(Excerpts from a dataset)
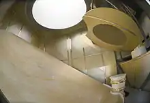 The main mirror, S-band mirror and S-band feed horn inside NNO-1.
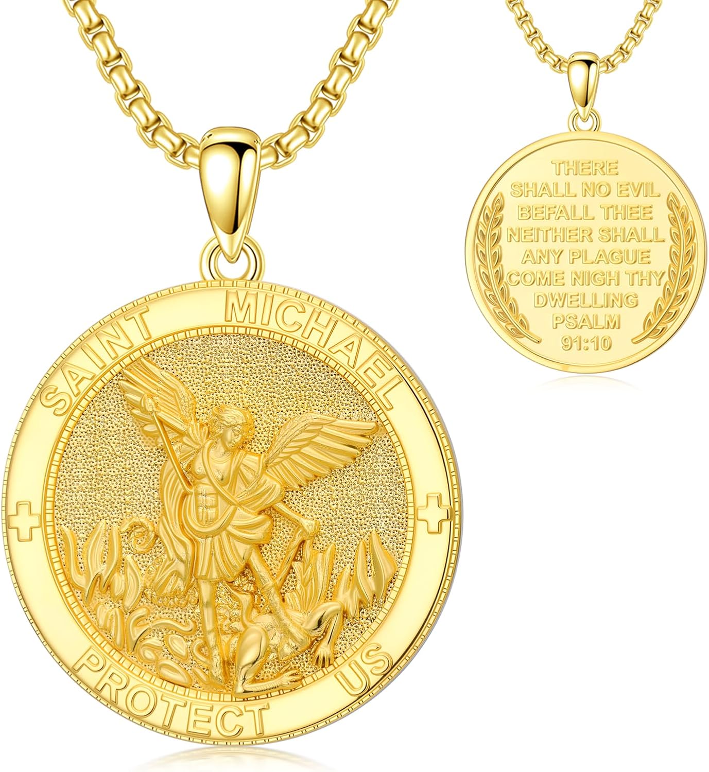 Patron Saint Necklace 14K Gold Medal Catholic Pendant Christian Religious Amulet Jewelry Gift for Men Women
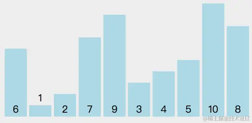 下面是对序列6、1、2、7、9、3、4、5、10、8排序的过程:
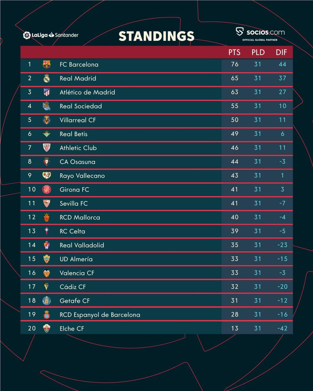 อันดับตารางคะแนน ลาลีกา สเปน 2022/2023 หลังจบนัดที่31 โดย 5 อันดับแรกในตารางเป็นไปตามลำดับมีดังนี้
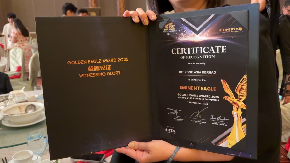 On 7 November 2025, ICT Zone was honoured with the Eminent Eagle Award at the 2025 Golden Eagle Awards, held at Genting International Convention Centre. The award recognises Malaysia’s top enterprises for excellence in innovation, growth, and leadership.
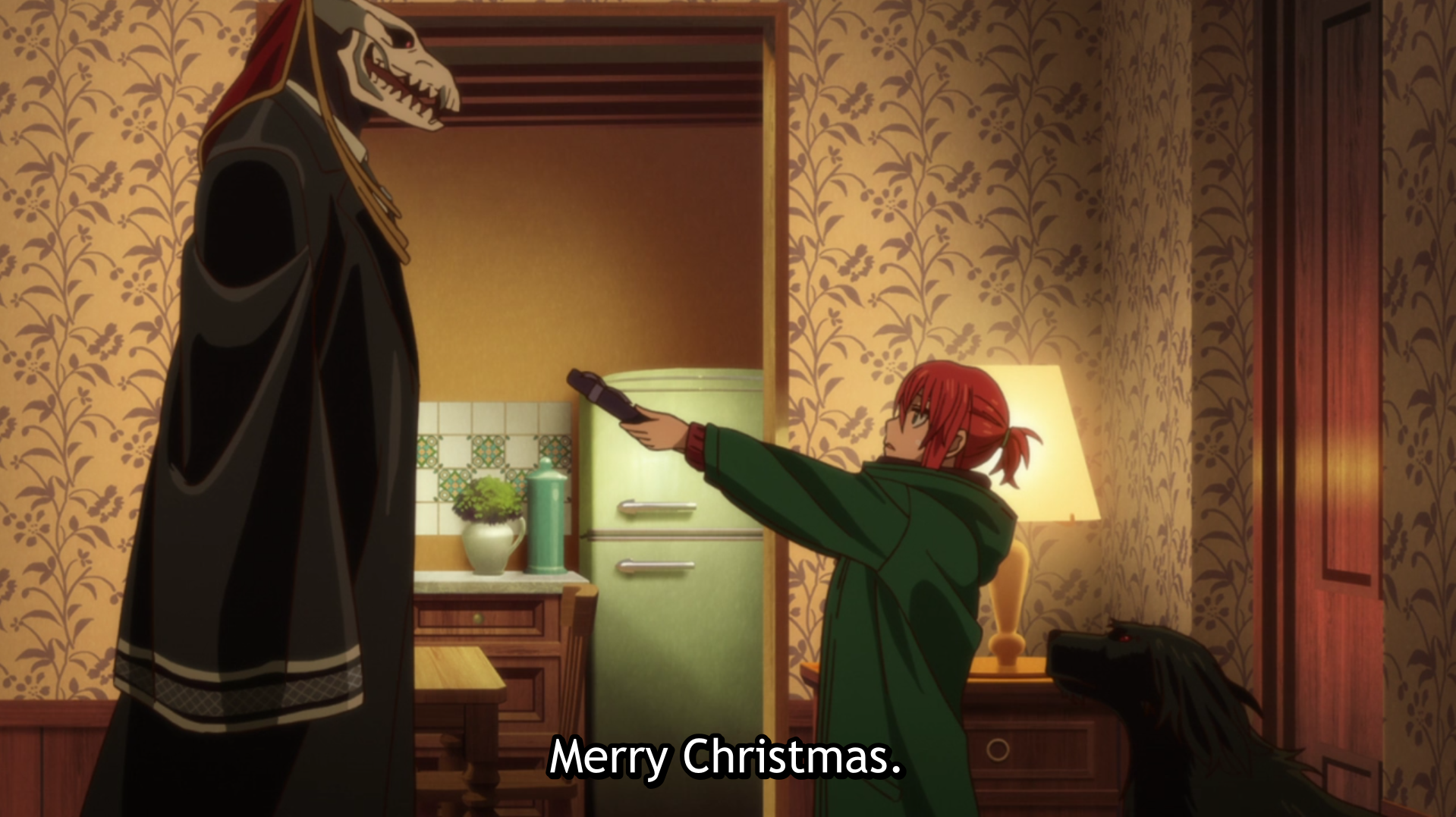 There is a beautiful scene where Alice is binding the wounds of her master who jumped between her and a demon creature to save her. I believe that one of the deepest connections a person can have for another is that of protection and trust. Alice has a bond with her master where they protect each other, a parent-child relationship. Alice and Chise build their relationship on trust seen by how they share their inner struggles with one another. Christmas isn’t just about having joy with one another, it’s finding healing through emotional connection.
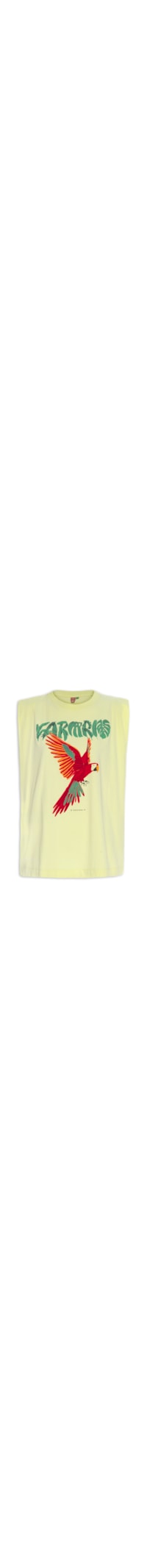 A regata verde é confeccionada em malha de algodão com baixa elasticiade. A peça solta ao corpo possui decote redondo canelado, ombros e cavas estendidos, estampa figurativa em silk e cores contrastantes na parte frontal e comprimento alongado.
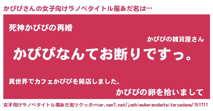 | 男性向けラノベタイトル風あだ名 | 『魔法科高校のかぴぴ』 |
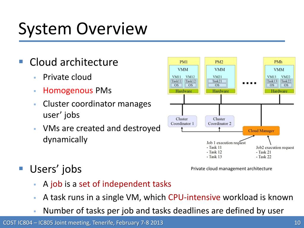System Overview • Cloud architecture • Private cloud • Homogenous PMs • Cluster coordinator manages user’ jobs • VMs are created and destroyed dynamically • Users’ jobs • A job is a set of independent tasks • A task runs in a single VM, which CPU-intensive workload is known • Number of tasks per joband tasks deadlines are defined by user • Private cloud management architecture COST IC804 – IC805 Joint meeting, Tenerife, February 7-8 2013
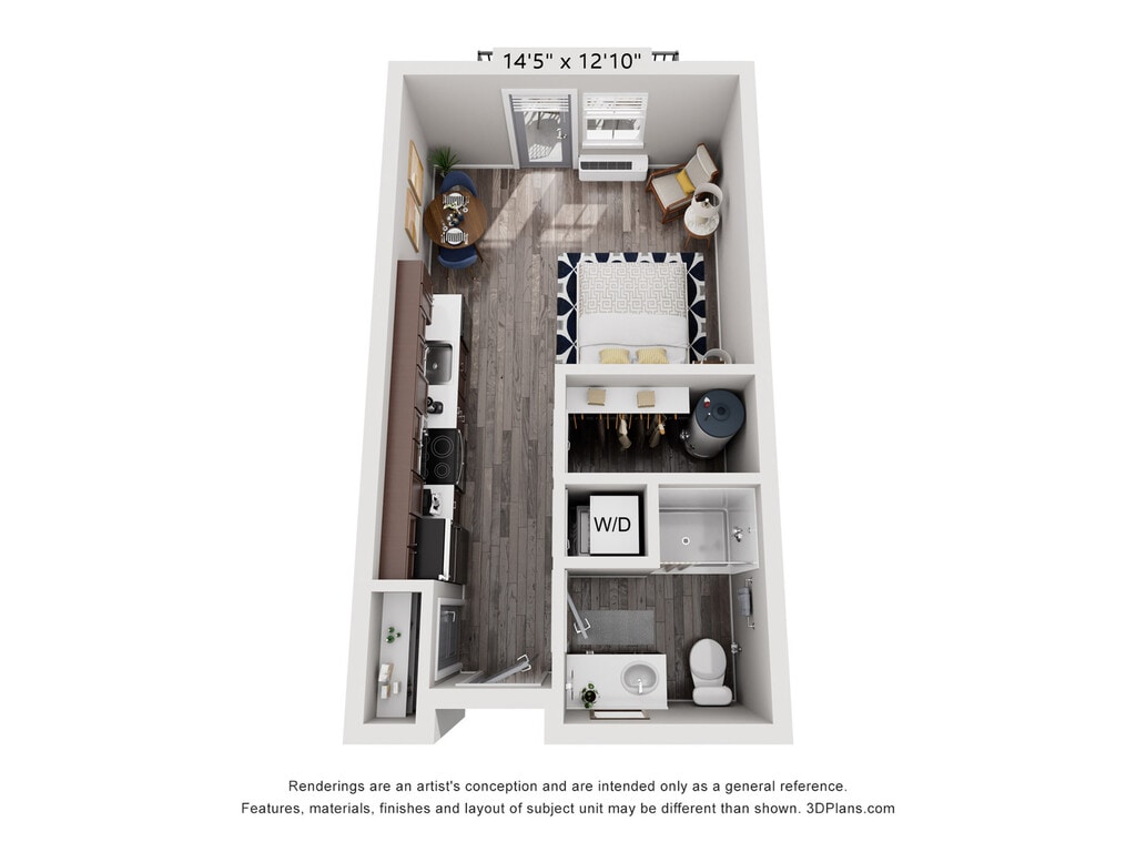 Estudio, 1 Baño, 400 pies²Disponible Oct 22Galería del Modelo
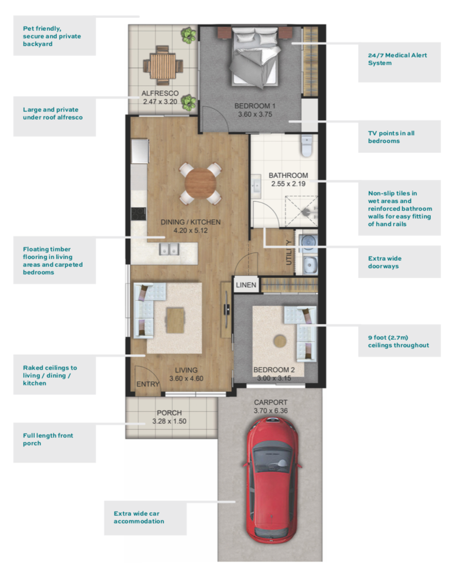 The villa features accessible bedrooms with the master opening directly onto the alfresco terrace and includes an accessible bathroom, while the versatile second bedroom can also be used as separate living area or craft/activity room if required.
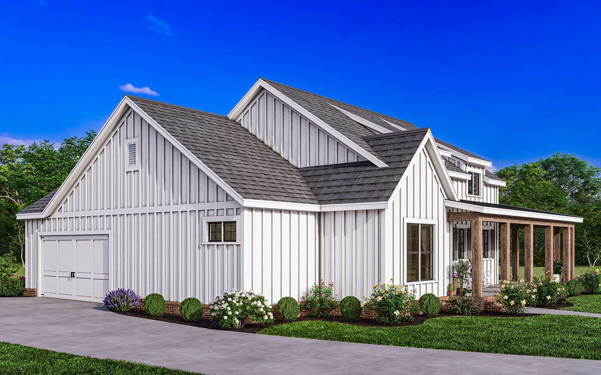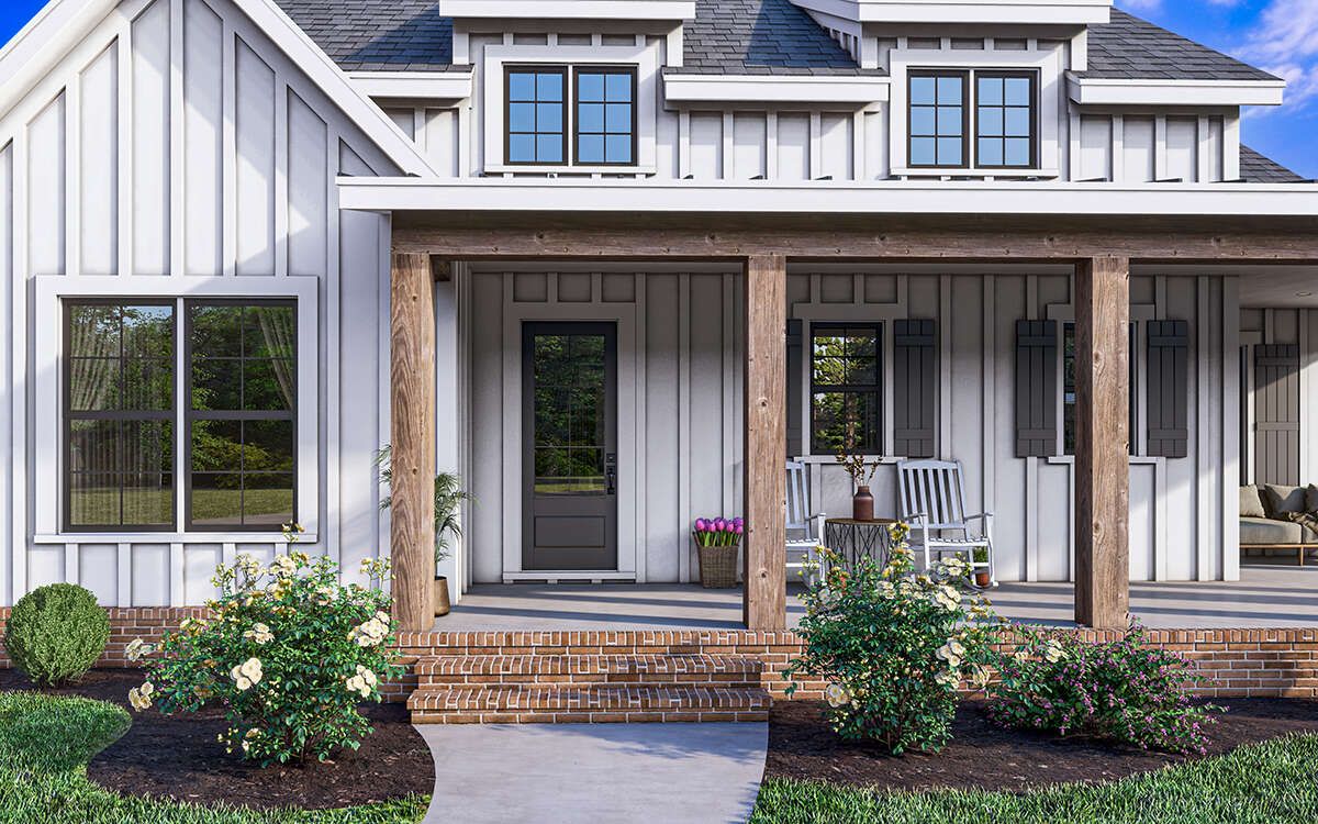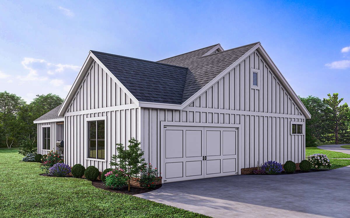 This modern farmhouse plan is a perfect example of how thoughtful design can maximize both comfort and efficiency. Every square foot is utilized effectively, ensuring that the home feels spacious without unnecessary excess. The open layout, combined with private bedroom spaces, creates a balanced environment suitable for a variety of lifestyles.
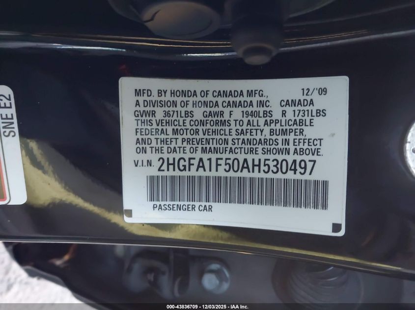 2010 HONDA CIVIC 2010 року Бензин, 1.8, Передній привід, vin - 2HGFA1F50AH530497 з США
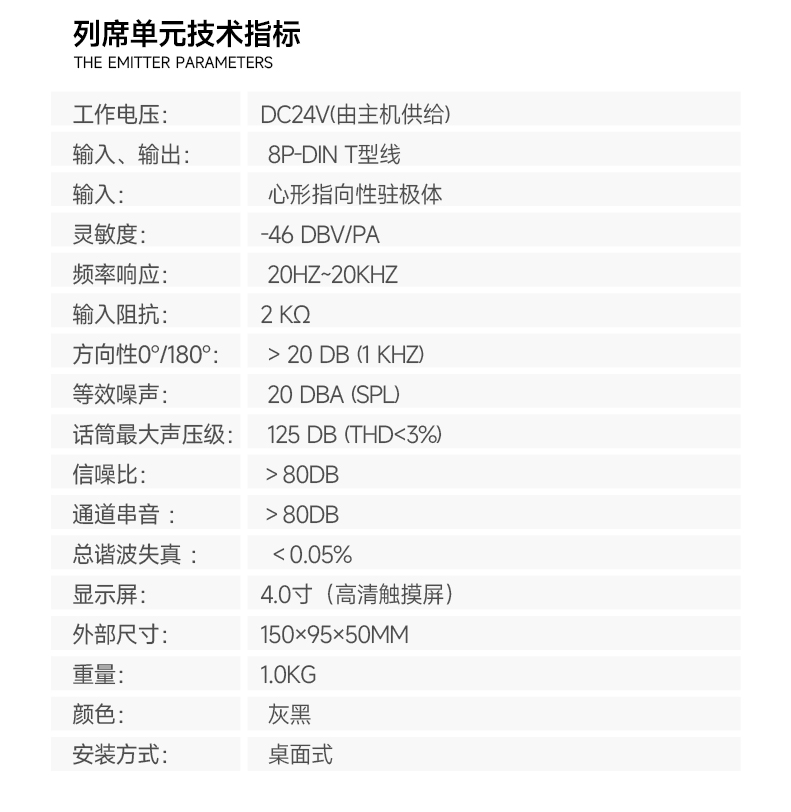 8.单台主机通过扩展电源最多可接256台会议单元;
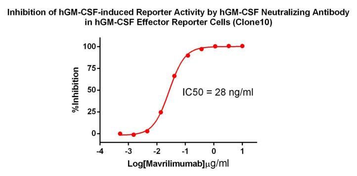 Figure 2. Inhibition of hGM-CSF-induced Reporter Activity by hGM-CSF Neutralizing Antibody in hGM-CSF Effector Reporter Cells (Clone 10).
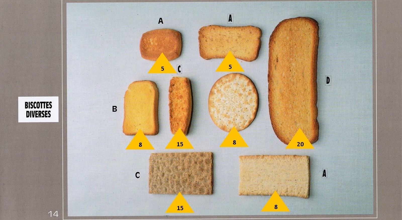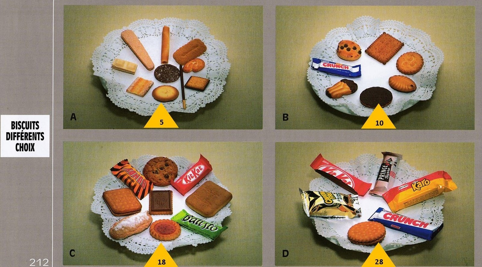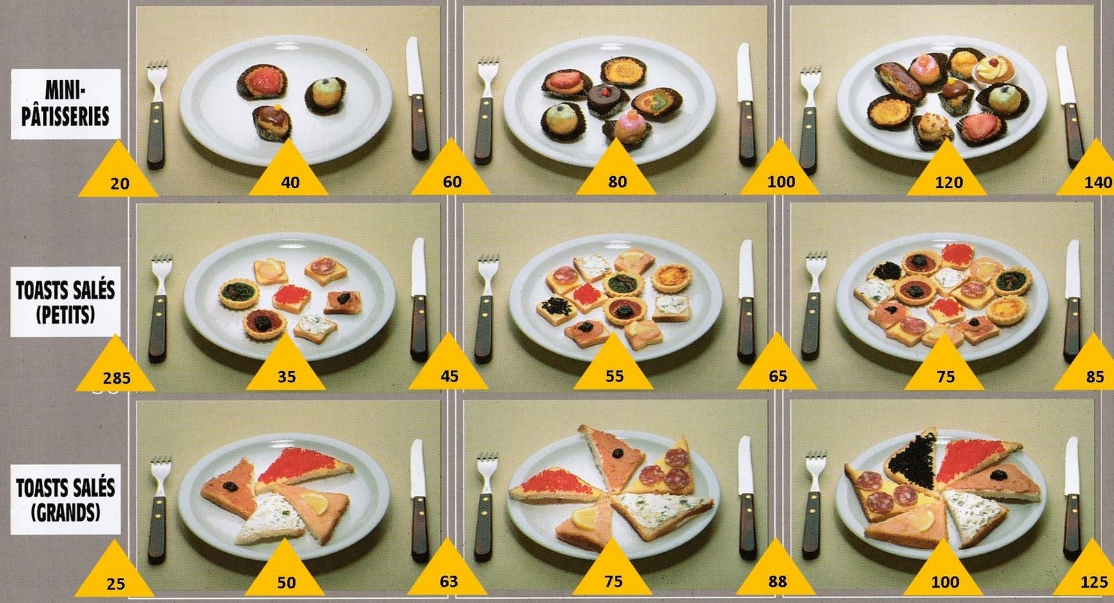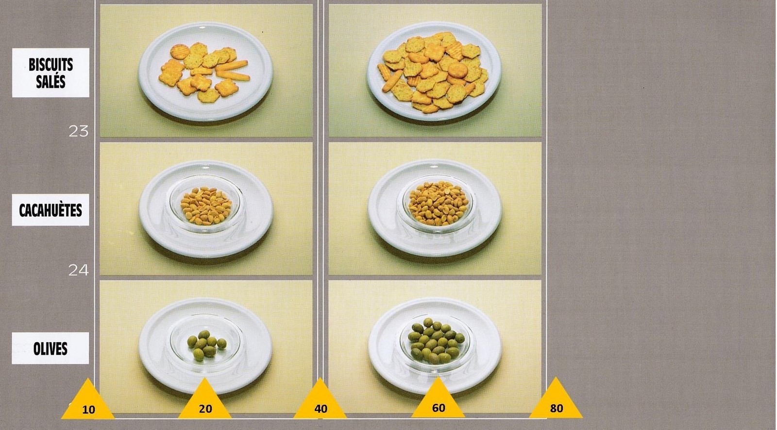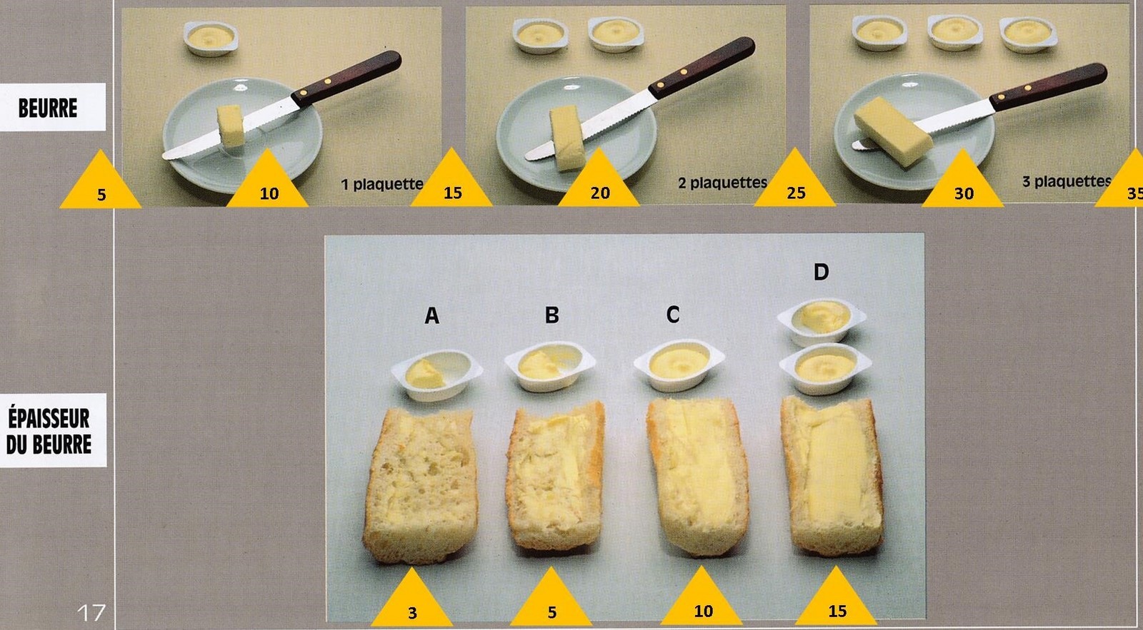 Le poids des aliments est noté dans les triangles jaunes, en grammes pour les aliments solides,

Exercise: Transcribe all of the records above character for character. Exclude the pictures.

Problem solution:
 The main mirror, S-band mirror and S-band feed horn inside NNO-1.
 Patron Saint Necklace 14K Gold Medal Catholic Pendant Christian Religious Amulet Jewelry Gift for Men Women
 下面是对序列6、1、2、7、9、3、4、5、10、8排序的过程:
 อันดับตารางคะแนน ลาลีกา สเปน 2022/2023 หลังจบนัดที่31 โดย 5 อันดับแรกในตารางเป็นไปตามลำดับมีดังนี้
 On 7 November 2025, ICT Zone was honoured with the Eminent Eagle Award at the 2025 Golden Eagle Awards, held at Genting International Convention Centre. The award recognises Malaysia’s top enterprises for excellence in innovation, growth, and leadership.
 There is a beautiful scene where Alice is binding the wounds of her master who jumped between her and a demon creature to save her. I believe that one of the deepest connections a person can have for another is that of protection and trust. Alice has a bond with her master where they protect each other, a parent-child relationship. Alice and Chise build their relationship on trust seen by how they share their inner struggles with one another. Christmas isn’t just about having joy with one another, it’s finding healing through emotional connection.
 A regata verde é confeccionada em malha de algodão com baixa elasticiade. A peça solta ao corpo possui decote redondo canelado, ombros e cavas estendidos, estampa figurativa em silk e cores contrastantes na parte frontal e comprimento alongado.
 | 男性向けラノベタイトル風あだ名 | 『魔法科高校のかぴぴ』 |
System Overview • Cloud architecture • Private cloud • Homogenous PMs • Cluster coordinator manages user’ jobs • VMs are created and destroyed dynamically • Users’ jobs • A job is a set of independent tasks • A task runs in a single VM, which CPU-intensive workload is known • Number of tasks per joband tasks deadlines are defined by user • Private cloud management architecture COST IC804 – IC805 Joint meeting, Tenerife, February 7-8 2013
 Estudio, 1 Baño, 400 pies²Disponible Oct 22Galería del Modelo
 The villa features accessible bedrooms with the master opening directly onto the alfresco terrace and includes an accessible bathroom, while the versatile second bedroom can also be used as separate living area or craft/activity room if required.
 This modern farmhouse plan is a perfect example of how thoughtful design can maximize both comfort and efficiency. Every square foot is utilized effectively, ensuring that the home feels spacious without unnecessary excess. The open layout, combined with private bedroom spaces, creates a balanced environment suitable for a variety of lifestyles.
 2010 HONDA CIVIC 2010 року Бензин, 1.8, Передній привід, vin - 2HGFA1F50AH530497 з США
 8.单台主机通过扩展电源最多可接256台会议单元;
 Figure 2. Inhibition of hGM-CSF-induced Reporter Activity by hGM-CSF Neutralizing Antibody in hGM-CSF Effector Reporter Cells (Clone 10).
 Le poids des aliments est noté dans les triangles jaunes, en grammes pour les aliments solides,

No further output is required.